WordCounter
PURPOSE
Counts the number of occurrences of words within a file. If you're curious on what is the most used word in the essay that you've written, or maybe you're just validating that a message doesn't contain some specific words, or you're trying to check the unique words present in a context, or perhaps you're job hunting and you need to know the requirements that mostly appear in job openings, then this application would help!
REQUIREMENTS
- Git (optional if you just prefer to do a download and extract from GitHub)
sudo apt install git
- GNU Toolchain (or just Python)
sudo apt install build-essential
RUNNING
- Clone repo
git clone https://github.com/nponcian/WordCounter.git cd WordCounter
- Modify files in ./FilesToProcess directory
- ./FilesToProcess/Input.txt - the input file to count the number of occurrences of words
- ./FilesToProcess/WordsSeparators.txt - non-space separators that separates words in input file such as comma, slash, etc.

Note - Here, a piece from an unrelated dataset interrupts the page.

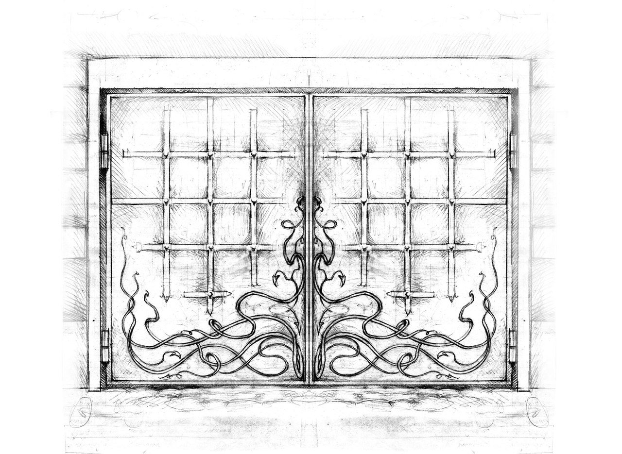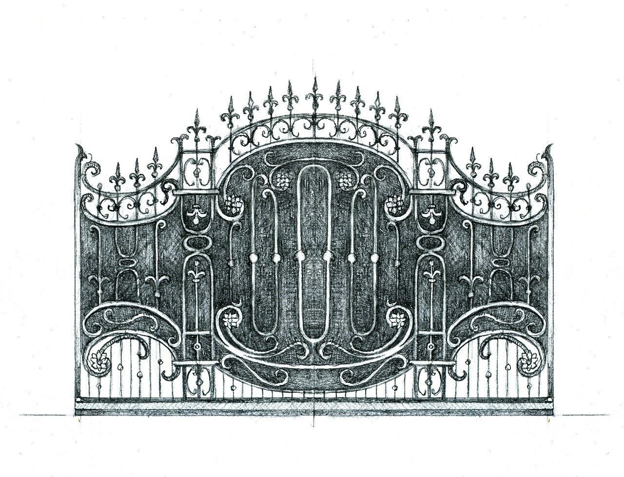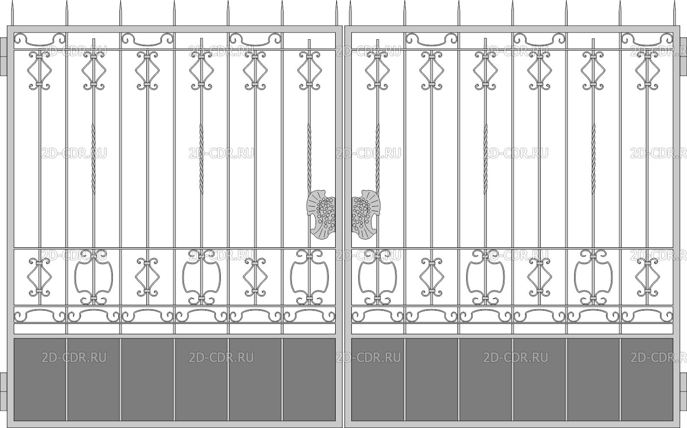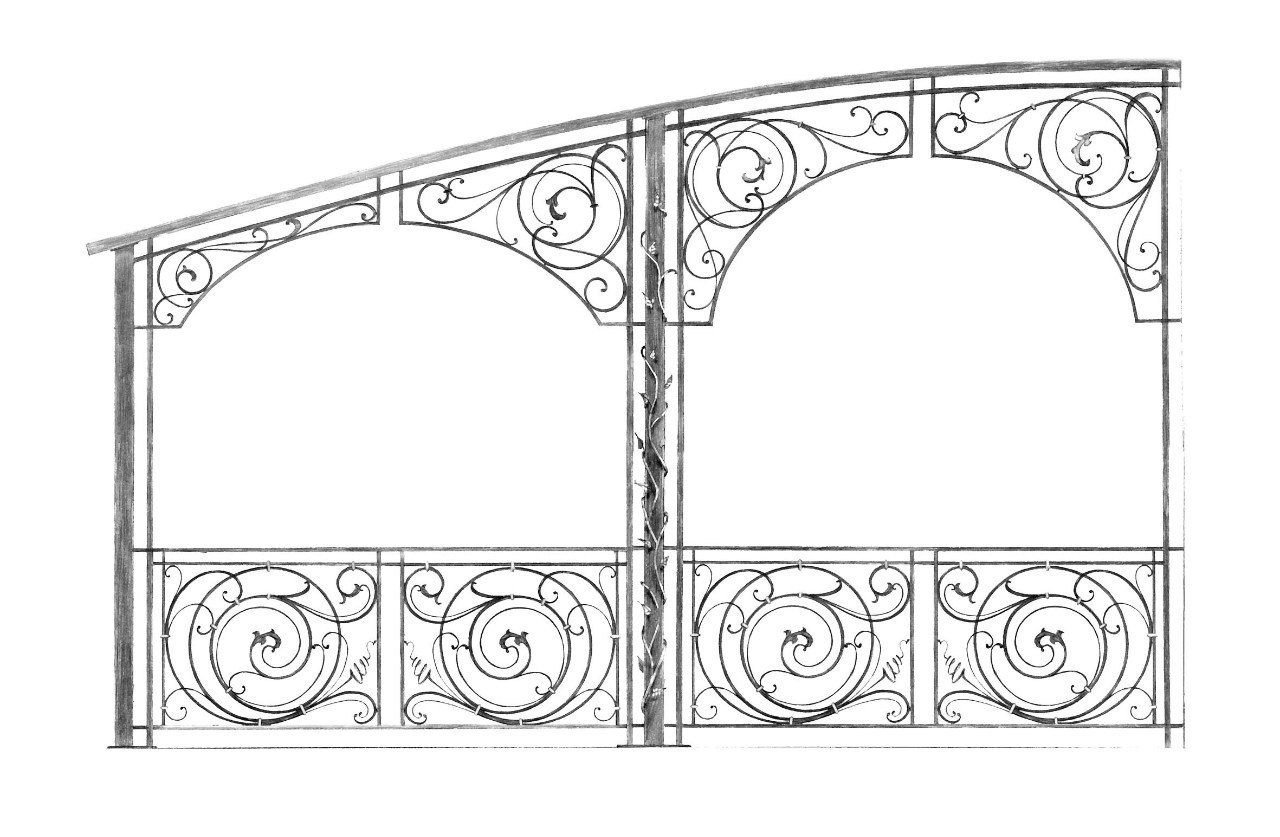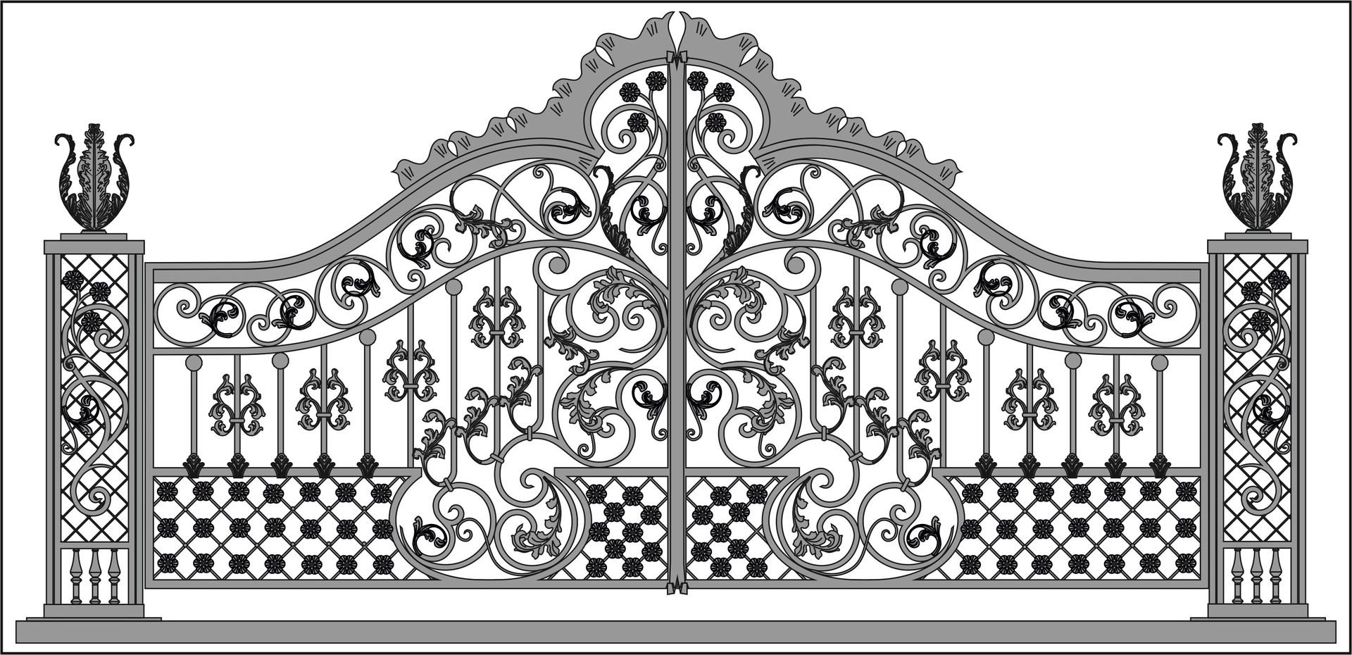Ворота металлические распашные 4000х4300 с калиткой чертеж

- ./FilesToProcess/WordsToCount.txt - if not empty, only the words here would be counted, otherwise all words are counted
- ./FilesToProcess/WordsToIgnore.txt - the words here would not be counted
- Invoke script
python3 wordcounter.py
SAMPLE RUN
nponcian@nponcian-VirtualBox-Ubuntu:~/Documents/Scripts/WordCounter$ echo "" | cat FilesToProcess/WordsSeparators.txt -
!&()=|\{}[]:;"'<>,.?/
nponcian@nponcian-VirtualBox-Ubuntu:~/Documents/Scripts/WordCounter$ echo "" | cat FilesToProcess/WordsToCount.txt -
nponcian@nponcian-VirtualBox-Ubuntu:~/Documents/Scripts/WordCounter$ echo "" | cat FilesToProcess/WordsToIgnore.txt -
the
a
in
on
at
and
nponcian@nponcian-VirtualBox-Ubuntu:~/Documents/Scripts/WordCounter$ echo "" | cat FilesToProcess/Input.txt -
Company-A
Requirements:
C, C++, Java, Python
analytic / trouble-shooting and debugging skills
TCP, UDP, IP, HTTP, L4-L7, DNS, SSL, tunneling, SIP, Diameter
Linux and OS internals
leadership
Company-B
Requirements:
Percona XtraDB Cluster, Elasticsearch, Cassandra
Hazelcast
Kafka
AngularJS, React
C++, Golang, Python
Android SDK, React Native
Kubernetes (Docker)
Tcp/Ip, http
Linux
Company-C
Requirements:
Python, c++
TCP /IP
Linux
nponcian@nponcian-VirtualBox-Ubuntu:~/Documents/Scripts/WordCounter$ python3 wordcounter.py
requirements : 3
c++ : 3
python : 3
tcp : 3
ip : 3
linux : 3
http : 2
react : 2
company-a : 1
c : 1
java : 1
analytic : 1
trouble-shooting : 1
debugging : 1
skills : 1
udp : 1
l4-l7 : 1
dns : 1
ssl : 1
tunneling : 1
sip : 1
diameter : 1
os : 1
internals : 1
leadership : 1
company-b : 1
percona : 1
xtradb : 1
cluster : 1
elasticsearch : 1
cassandra : 1
hazelcast : 1
kafka : 1
angularjs : 1
golang : 1
android : 1
sdk : 1
native : 1
kubernetes : 1
docker : 1
company-c : 1
nponcian@nponcian-VirtualBox-Ubuntu:~/Documents/Scripts/WordCounter$ cat >> FilesToProcess/WordsToCount.txt # add target words
c
c++
python
linux
docker
http
golang
^C
nponcian@nponcian-VirtualBox-Ubuntu:~/Documents/Scripts/WordCounter$ cat FilesToProcess/WordsToCount.txt
c
c++
python
linux
docker
http
golang
nponcian@nponcian-VirtualBox-Ubuntu:~/Documents/Scripts/WordCounter$ python3 wordcounter.py
c++ : 3
python : 3
linux : 3
http : 2
c : 1
golang : 1
docker : 1
nponcian@nponcian-VirtualBox-Ubuntu:~/Documents/Scripts/WordCounter$